Настоящая подготовка к творческому государственному управлению лежит глубже партий и законодательных органов. Это работа публицистов и педагогов, ученых, проповедников и художников. Через всех агентов, которые создают и популяризируют мысль, должен прийти склад ума, заинтересованный в изобретении и свободный от авторитета идей. Демократическая культура должна с критической настойчивостью сделать человека мерой всех вещей. Я снова и снова пытался указать на иконоборчество, которое постоянно необходимо, чтобы избежать отвлечения, которое приходит от идолопоклонства перед нашими собственными методами мышления. Без неустанного усилия сосредоточить ум на человеческих целях, человеческих задачах и человеческих результатах, он впадает в идолопоклонство и становится враждебным к созиданию.

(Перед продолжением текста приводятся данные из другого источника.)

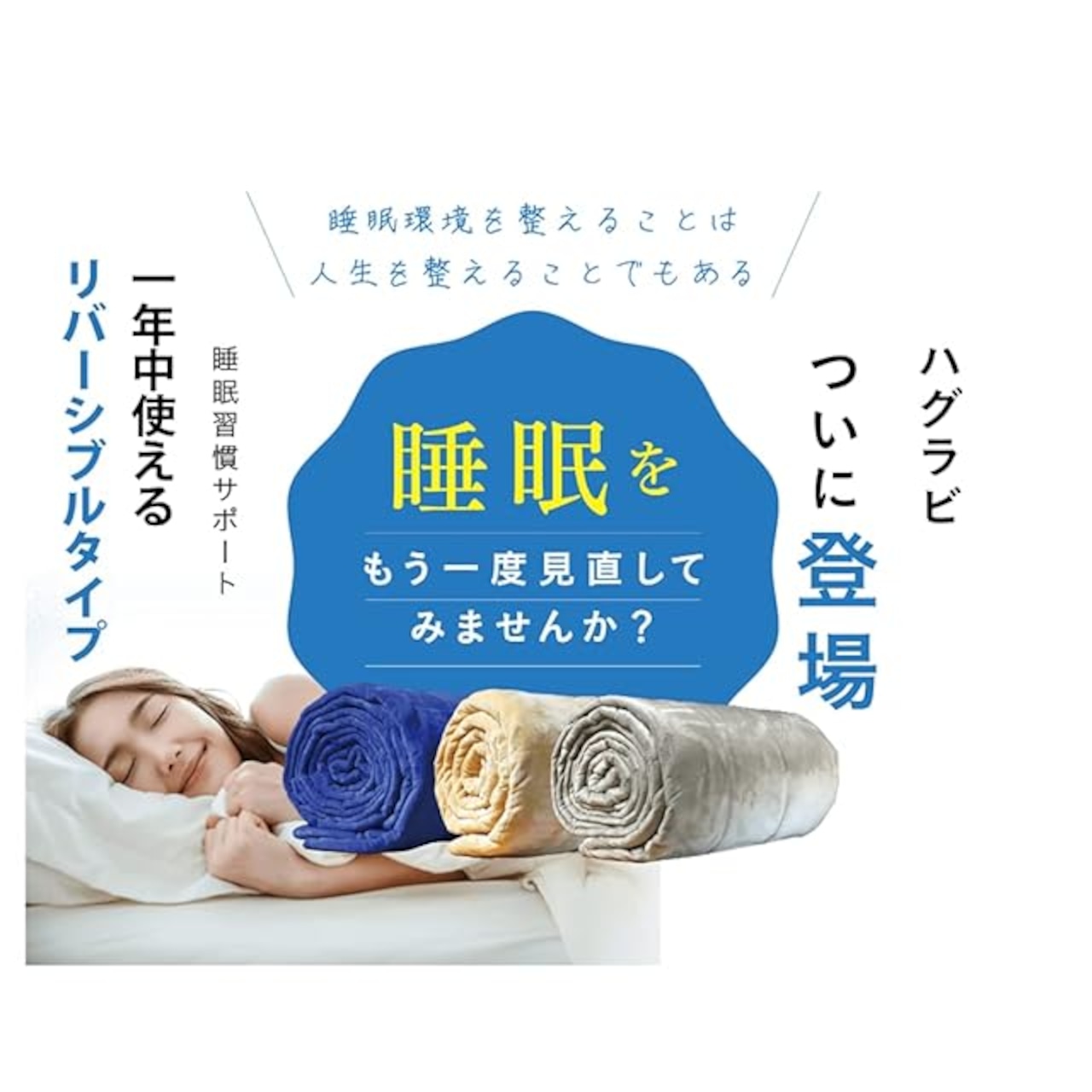 【睡眠投資していますか?】人生の約1/3は睡眠時間と言われています。快適な睡眠環境を整えることは、正に人生を整えることといっても良いのではないでしょうか。ハグラビのウェイトブランケット(加重ブランケット)は毎日気持ちの良い睡眠環境をご提供します。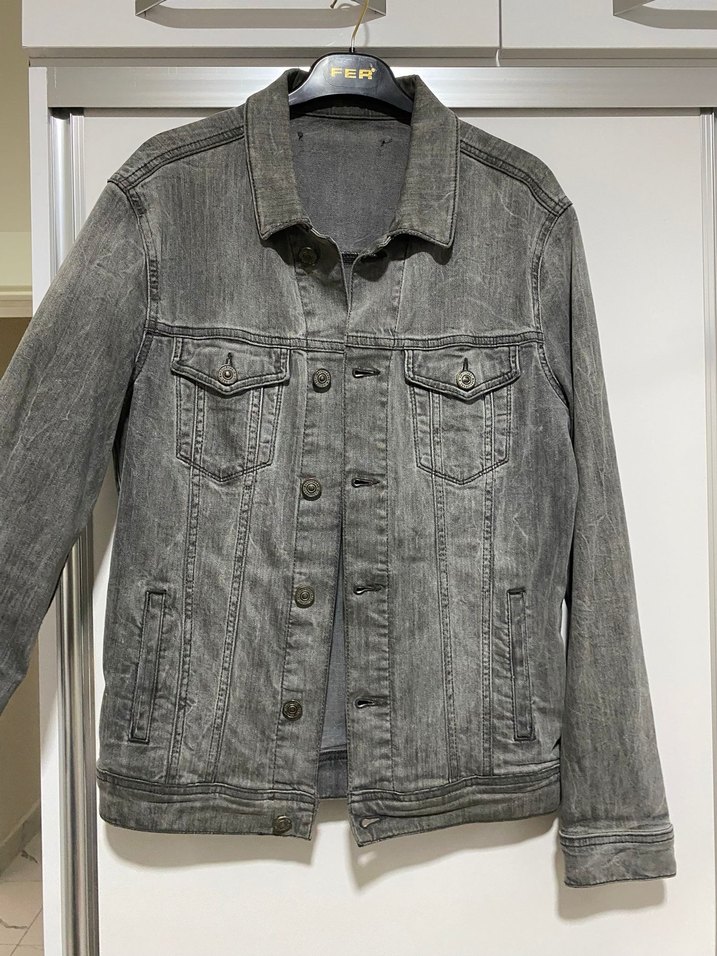 Gri renkte, düğmeli erkek denim ceketi, normal kesim, uzun kollu ve yakası notched lapel. Günlük kullanıma uygun, rahat sokak stili.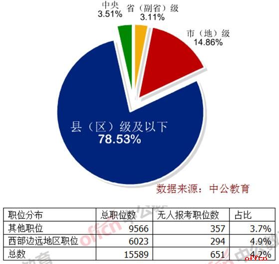 國考那邊熱鬧,這邊卻冷清。與熱門職位形成強烈對比的是,目前仍有2510個職位尚未達到面試比例,其中包含651個無人問津的職位。據(jù)中公網(wǎng)校分析,在這2510個職位中,78%的職位來自縣(區(qū))級及以下,僅有不到7%的職位來自中央和省級,可見考生還是比較偏愛中央和省級職位的。另外,在651個無人報考的職位中,有294個屬于西部邊遠地區(qū)職位,占西部邊遠地區(qū)總招錄職位數(shù)的4.9%,超出其他普通職位的1.2%。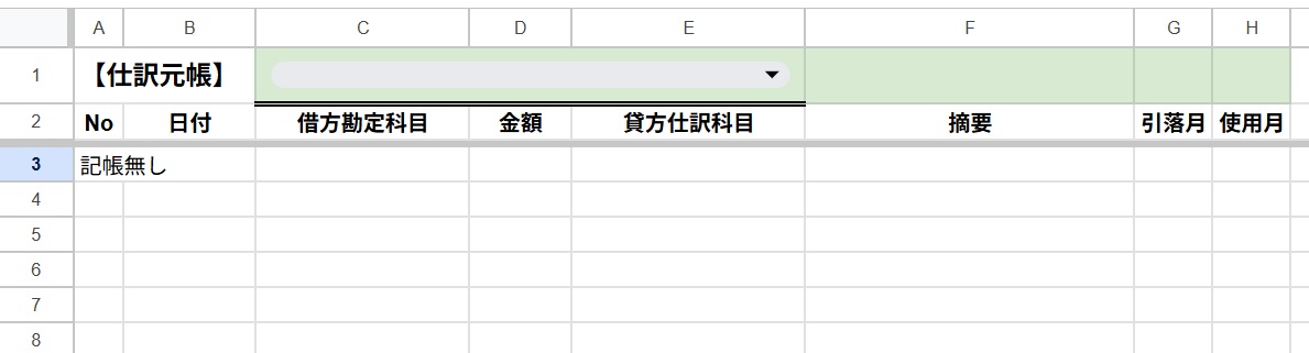 =ifna( filter('仕訳帳'!$A$3:$H, '仕訳帳'!$B$3:$B<>"", ('仕訳帳'!$C$3:$C=$C$1) + ('仕訳帳'!$E$3:$E=$C$1), isblank($F$1) + isnumber(search($F$1, '仕訳帳'!$F$3:$F)), isblank($G$1) + ('仕訳帳'!$G$3:$G=$G$1), isblank($H$1) + ('仕訳帳'!$H$3:$H=$H$1) ) ,"記帳無し")
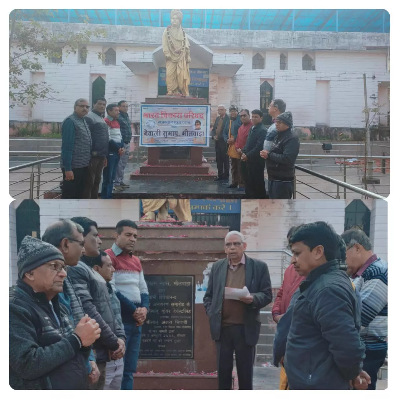 भीलवाड़ा - भारत विकास परिषद नेताजी सुभाष शाखा भीलवाड़ा द्वारा स्वामी विवेकानंद जयंती के पावन अवसर पर आयोजन 12.01.2026, सोमवार,प्रातः 8.30 बजे तरणताल कृषि मंडी के सामने विवेकानंद प्रतिमा पर माल्यार्पण व राष्ट्रगीत के साथ प्रारंभ्भ हुआ । मुख्य उद्बोधन शिक्षाविद् बसंती लाल मूंदड़ा ने उद्बोधन में बताया कि स्वामी जी चरित्र निर्माण,आत्मनिर्भरता और व्यावहारिकता पर आधारित शिक्षा प्रणाली के समर्थक थे। उन्होंने 'एकता की भावना' को बढ़ावा दिया और भारत को एक राष्ट्र के रूप में एकजुट करने का प्रयास किया एवं साथ ही उन्होंने गरीबों और जरूरतमंदों को 'दरिद्र-नारायण' कहा और उनकी सेवा को ही सच्ची ईश्वर सेवा माना। वैसे सही अर्थों में स्वामी जी आज की युवा शक्ति के पथ-प्रदर्शक रहे हैं।

Демократический эксперимент — единственный, который требует этой волевой гуманистической культуры. Абсолютизму, подобному российскому, лучше служится, когда люди принимают свои идеи как авторитетные и благочестиво жертвуют человечеством ради нечеловеческой цели. Аристократия процветает там, где люди находят викарное удовольствие в восхищении успехами правящего класса. Это мешает людям развивать свои собственные интересы и искать свои собственные успехи. Без сомнения, Наполеон был вполне доволен философией тех гвардейцев, которые пили за его здоровье, прежде чем он их казнил.

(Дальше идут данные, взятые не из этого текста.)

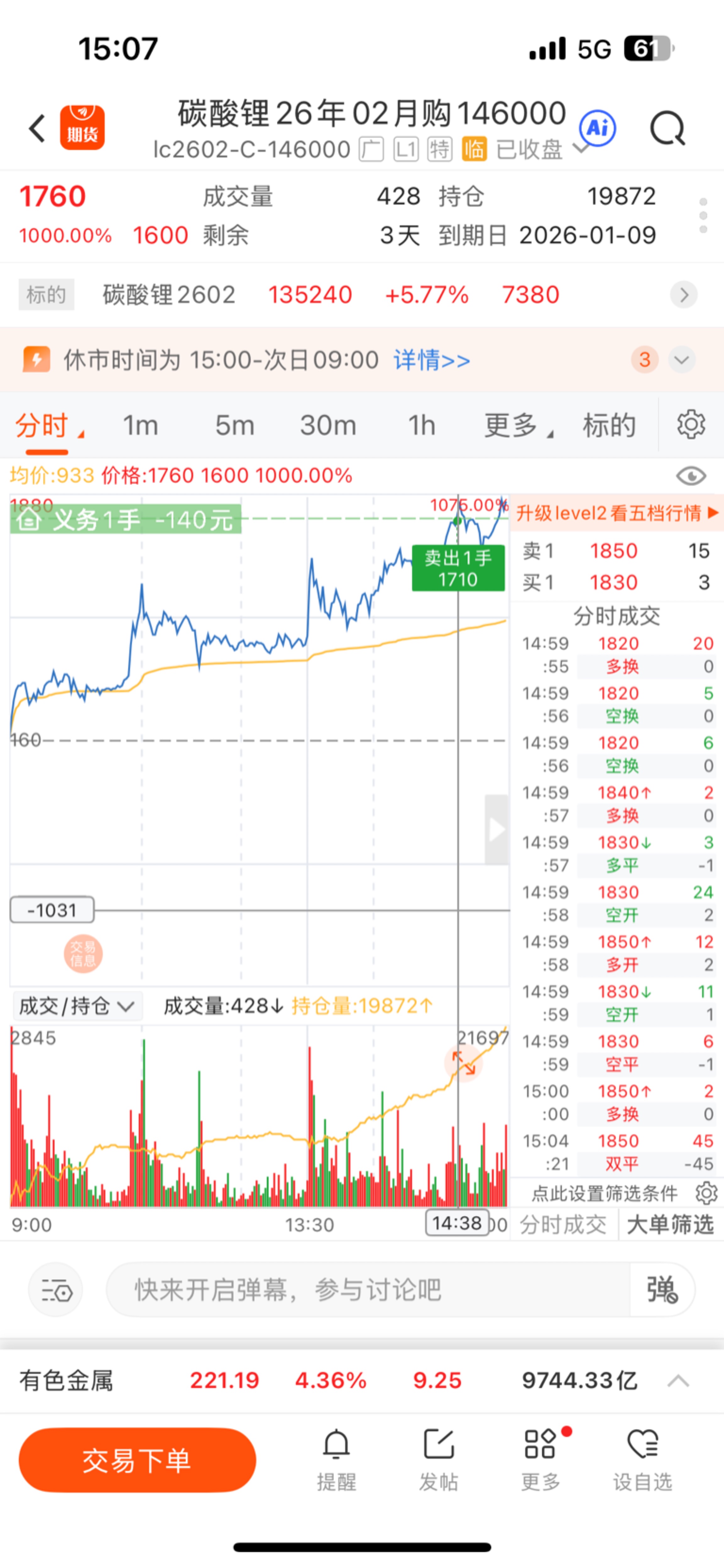 三天146000?我就吃个1000多块钱,不过分吧$碳酸锂26年02月购146000(GFEXOPTION|lc2602-C-146000)$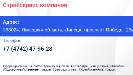 Стройсервис, компания по адресу 398024, Липецкая область, Липецк, проспект Победы, 29а в дальнейшем Организация, размещена в следующих категориях: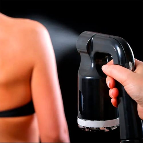 Korkealaatuinen väriaine suihkutetaan vartalolle hienojakoisena sumuna, joka varmistaa tasaisen levityksen ja upean hehkuvan rusketuksen.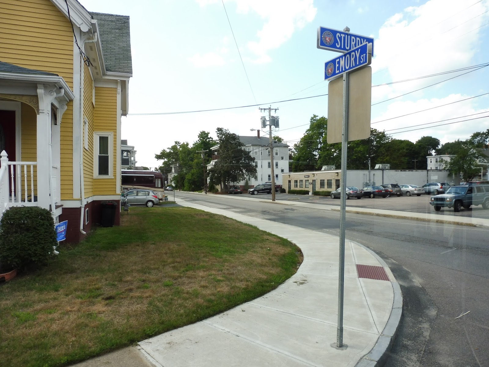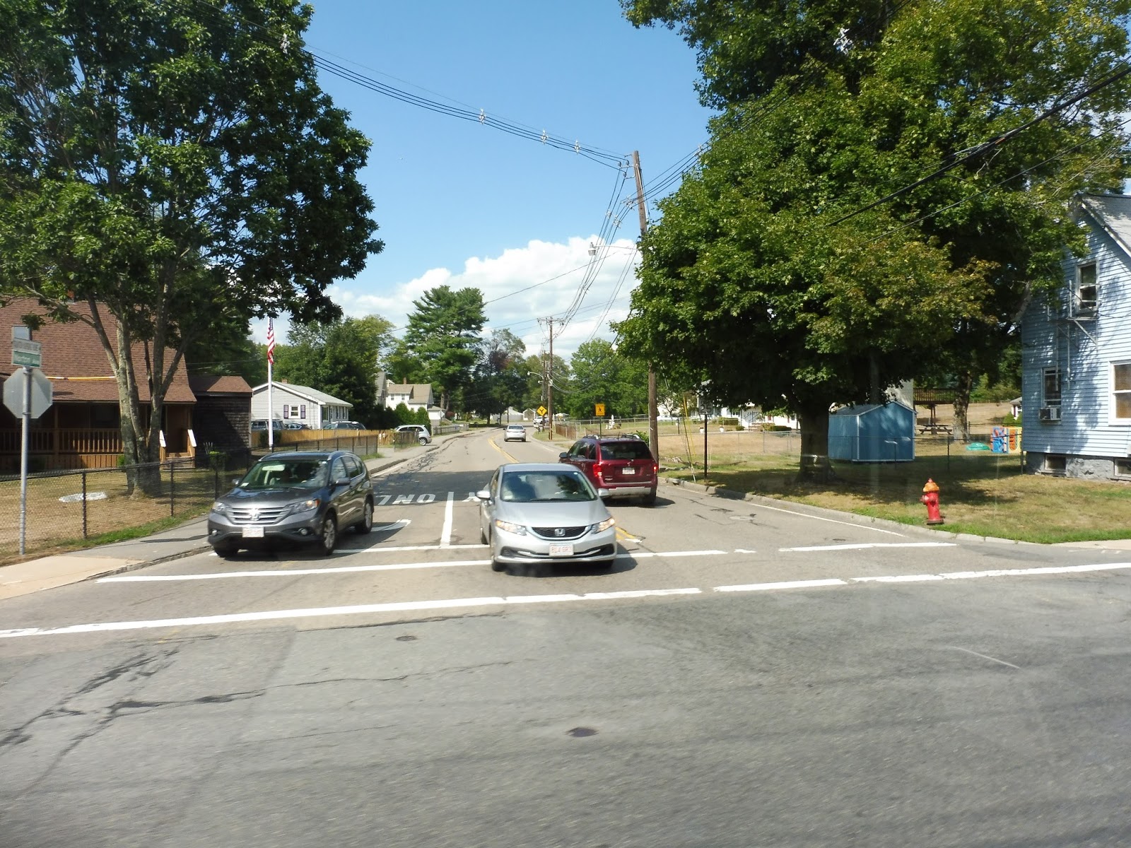The street’s name changed twice within a few seconds of each other: first to Norton Street, then to Worcester Street as we entered Taunton. There were consistent houses on either side now, which continued as the street name changed again, this time to Alfred Lord Boulevard, and Tremont Street soon after. We crossed over a small river, then went by the “major” stop of Norton Ave – it was literally the exact same scenery as everywhere else.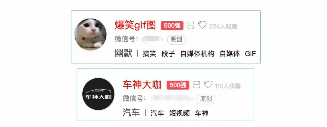 其中我们做的“爆笑gif图”、“车神大咖“都是都是微信500强的账号,在搞笑类别、汽车类别排名也都很靠前。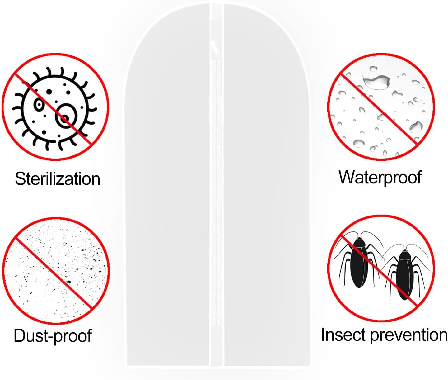 - Make Closet Neater - Garment bag made of EVA material, soft, dust-proof and water-proof. With these suit protector garment bags your wardrobe will look neat and beautiful, keeping your favorite clothing fresh and wrinkle free

Но эти превосходные солдаты были бы мрачными гражданами. Взгляд на жизнь, в котором человек послушно позволяет сделать себя зерном для чужой мельницы, — худший вид подготовки к работе самоуправления. Вы не можете долго отрицать внешние авторитеты в правительстве и придерживаться их всю остальную жизнь, и не случайно девятнадцатый век подверг сомнению гораздо больше, чем суверенитет королей. Бунт пошел глубже, и демократия в политике была лишь его аспектом. Эпоху можно сравнить с теми годами жизни мальчика, когда он становится атеистом и ссорится со своей семьей. Девятнадцатый век был плохим временем не только для королей, но и для священников, классиков, родительских автократов, нерасторжимого брака, Шекспира, Аристотелевской поэтики и обоснованности логики. Если непослушание — первородная добродетель человека, как предположил Оскар Уайльд, это был необычайно добродетельный век. Немалая часть бунта была бурным восстанием ради него самого. Были также контрреволюции, преднамеренные возвраты к ортодоксии, как в случае с Честертоном. Переоценка ценностей была выполнена многими руками во всевозможных комбинациях.

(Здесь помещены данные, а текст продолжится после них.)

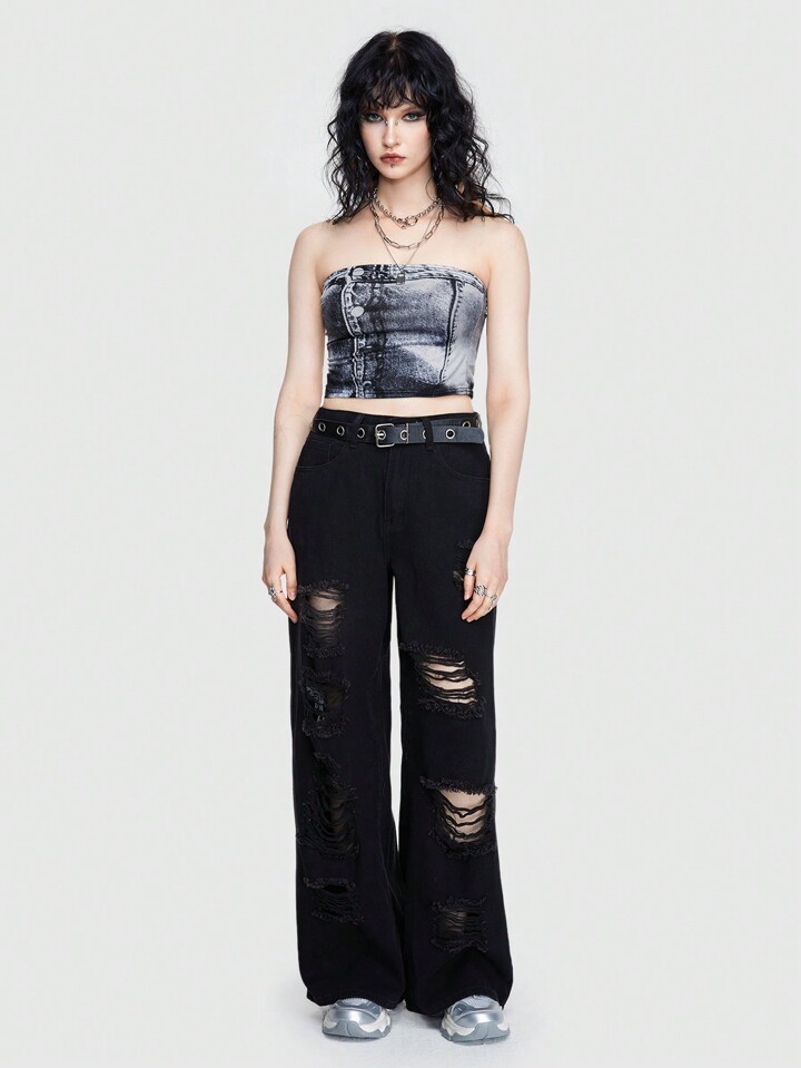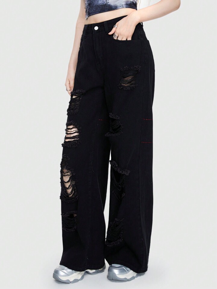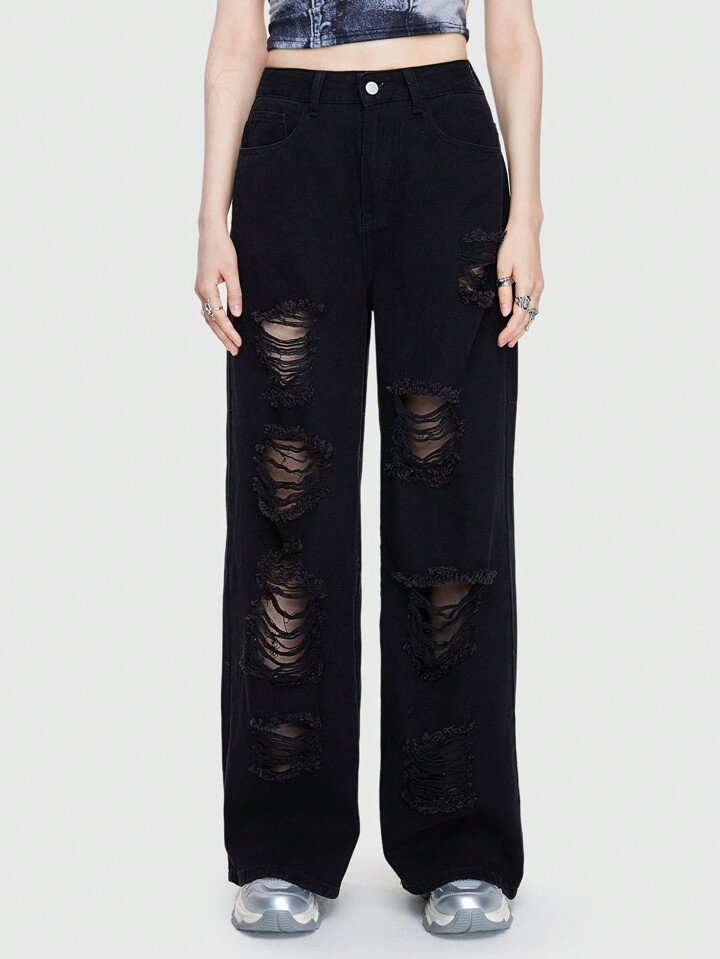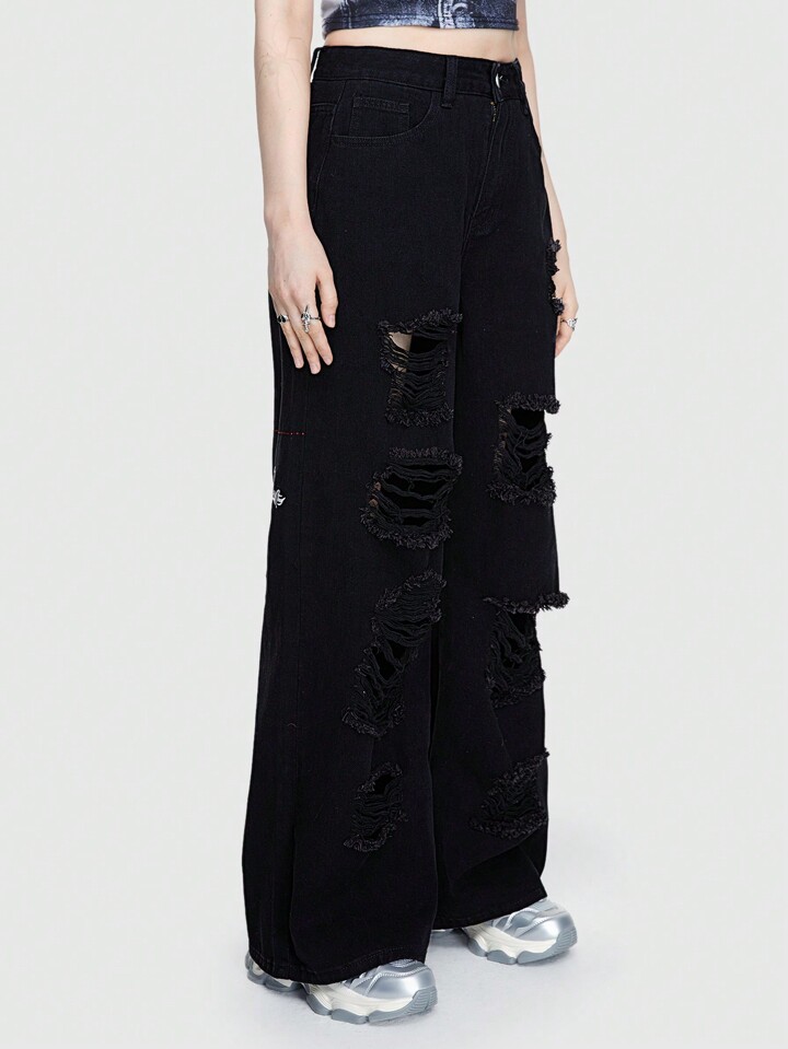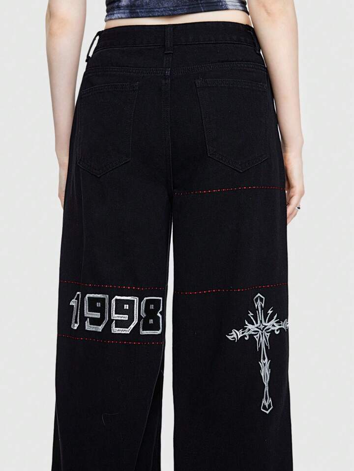 Street Life Vaqueros Denim Casuales Lavados Y Rasgados Con Estilo De Calle Y Bordado De Cruz 1998

Были и другие периоды революции. Ересь всего на несколько часов моложе ортодоксии. Непослушание, конечно, не открытие девятнадцатого века. Но качество его — да. Я верю, что Честертон ухватил существенную истину, когда сказал, что это первый раз, когда люди хвастаются своей ересью. Старые бунтари претендовали на то, чтобы быть более ортодоксальными, чем Церковь, чтобы вернуться к истинным авторитетам. Радикалы недавних времен провозглашают, что нет никакой ортодоксии, никакой доктрины, которую люди должны принимать без вопросов.
Без сомнения, они сильно обманывают себя. У них есть свои невидимые папы, называемые Искусство, Природа, Наука, с регалиями, ритуалом и катехизисом. Но они не намерены их иметь. Они намерены быть самоуправляемыми в своей духовной жизни. И это намерение — наполовину осознанный ток, который проходит через наш век и гальванизирует так много странных бунтов. Было бы интересно проследить формы, которые он принял, абортивные культы, которые он пытался создать и забросил. В другой связи я указал на автономию как на надежду синдикализма. Было бы не трудно найти подобное утверждение в феминистской агитации. От глубоких возражений миссис Гилман против «созданного мужчиной» мира до леди, которая хотела бы голосовать по поводу своих налогов, существует чувство, что женщина должна быть чем-то большим, чем пассивное существо. Уолтера Патера можно процитировать в его заключении о том, что «теория, или идея, или система, которая требует от нас жертвы любой части опыта, в соображении какого-то интереса, в который мы не можем войти, или какой-то абстрактной теории, которую мы не идентифицировали с собой, или того, что является лишь условным, не имеет на нас реальных прав». Желание самонаправления создало тысячу философий, столь же противоречивых, как темпераменты мыслителей. Склад иллюстраций под рукой: Ницше, советующий творческому человеку откусить голову змее, которая его душит, и стать «преображенным существом, окруженным светом существом, которое смеялось!». Можно указать на абсолютный индивидуализм Штирнера или обратиться к чистосердечному принятию Уитменом каждого человека с его каталогом недостатков и достоинств. Некоторые из этих людей проклинали друг друга на чем свет стоит: Жорж Сорель, например, который призывает рабочих не принимать никакой буржуазной морали и становится наиболее красноречивым, когда нападает на других революционеров.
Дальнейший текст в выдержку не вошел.